_TRY IT:_
Return the listing below verbatim. Pictures do not belong in the copy.

_DATASET EXTRACT:_
== Segment start ==
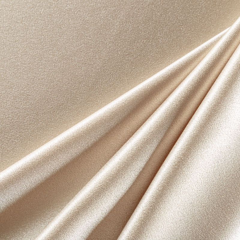 Итальянская ткань кади светло-золотистого оттенка. Кади — это креп-атлас с красивым глянцевым блеском. Ткань с плотной фактурой, роскошно ниспадает, очень хорошо тянется, изумительно садится по фигуре и шикарно смотрится в изделии. Она хорошо драпируется, эффектно облегает. Подходит для пошива удлиненных платьев с драпировками, платья-футляра, брюк палаццо, юбки-карандаш, жакета, туники, кроп-топа, а также для вечерних, свадебных и выпускных платьев и костюмов.
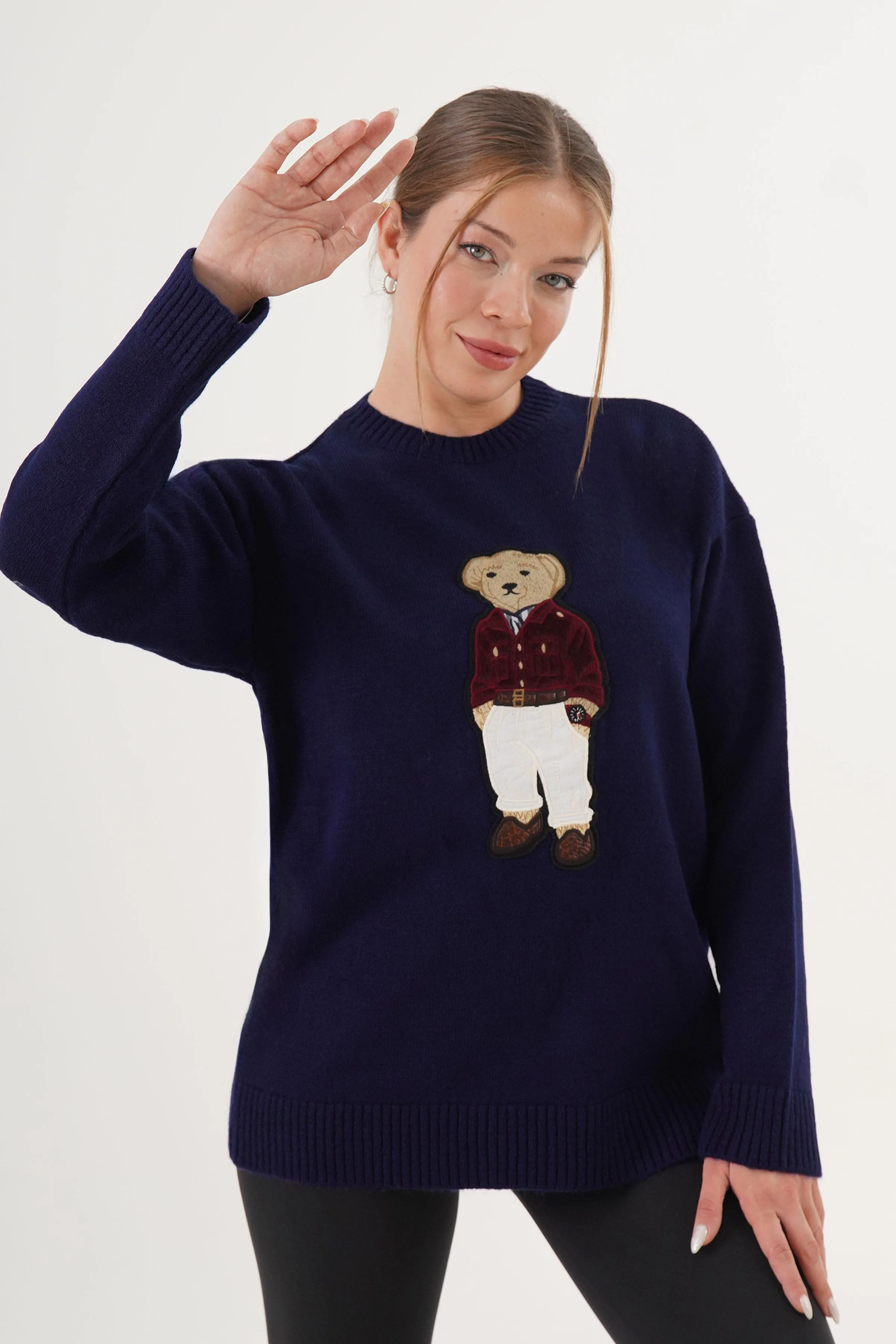 كنزة محبوكة شيك بتفاصيل لؤلؤ وحجر حول الياقة لِلوك شتوي ناعم وعصري.
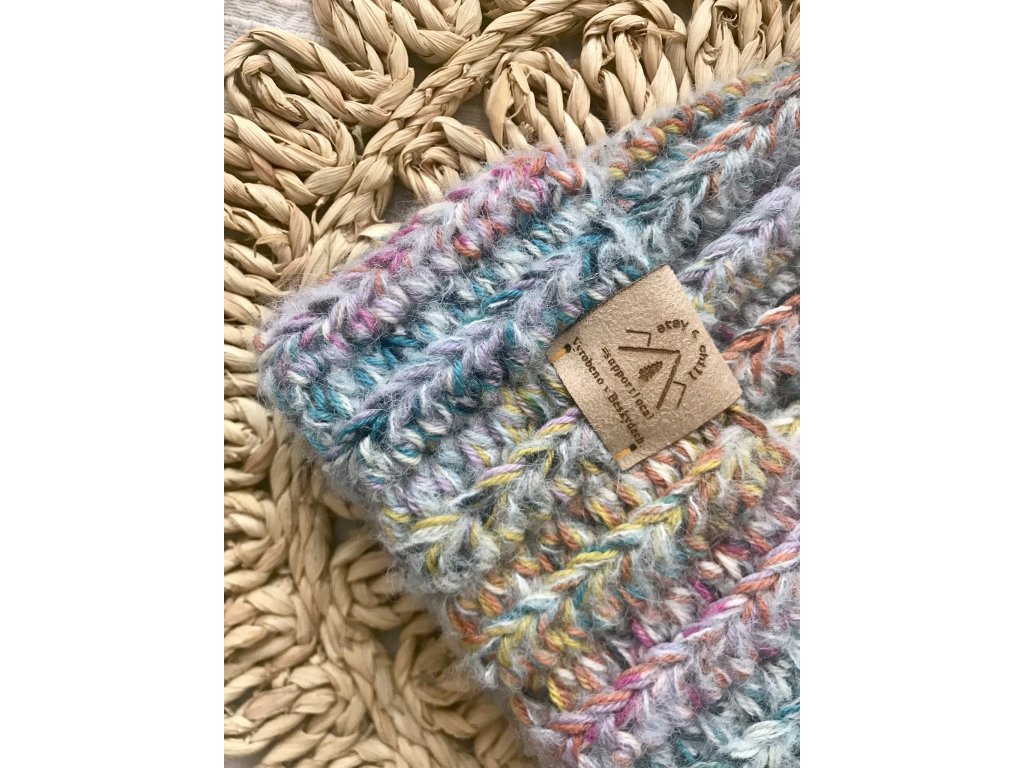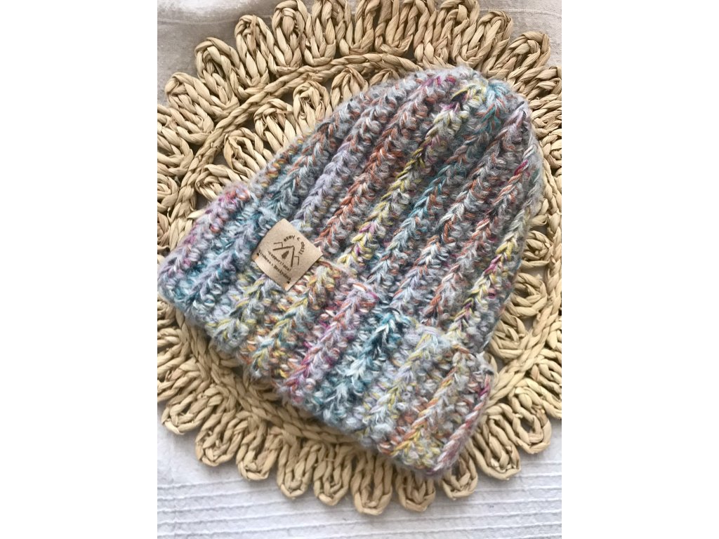 Ručně háčkovaná čepice v kouzelné barvě Jednorožec. Vyrobena z příze Fabel, doplněná o přízi z mohéru (70 % vlna, 20 % polyamid, 10% mohér) – hřejivá, odolná a snadno pratelná.
== Segment end ==
_EXERCISE RESULT:_
 Итальянская ткань кади светло-золотистого оттенка. Кади — это креп-атлас с красивым глянцевым блеском. Ткань с плотной фактурой, роскошно ниспадает, очень хорошо тянется, изумительно садится по фигуре и шикарно смотрится в изделии. Она хорошо драпируется, эффектно облегает. Подходит для пошива удлиненных платьев с драпировками, платья-футляра, брюк палаццо, юбки-карандаш, жакета, туники, кроп-топа, а также для вечерних, свадебных и выпускных платьев и костюмов.
 كنزة محبوكة شيك بتفاصيل لؤلؤ وحجر حول الياقة لِلوك شتوي ناعم وعصري.
 Ručně háčkovaná čepice v kouzelné barvě Jednorožec. Vyrobena z příze Fabel, doplněná o přízi z mohéru (70 % vlna, 20 % polyamid, 10% mohér) – hřejivá, odolná a snadno pratelná.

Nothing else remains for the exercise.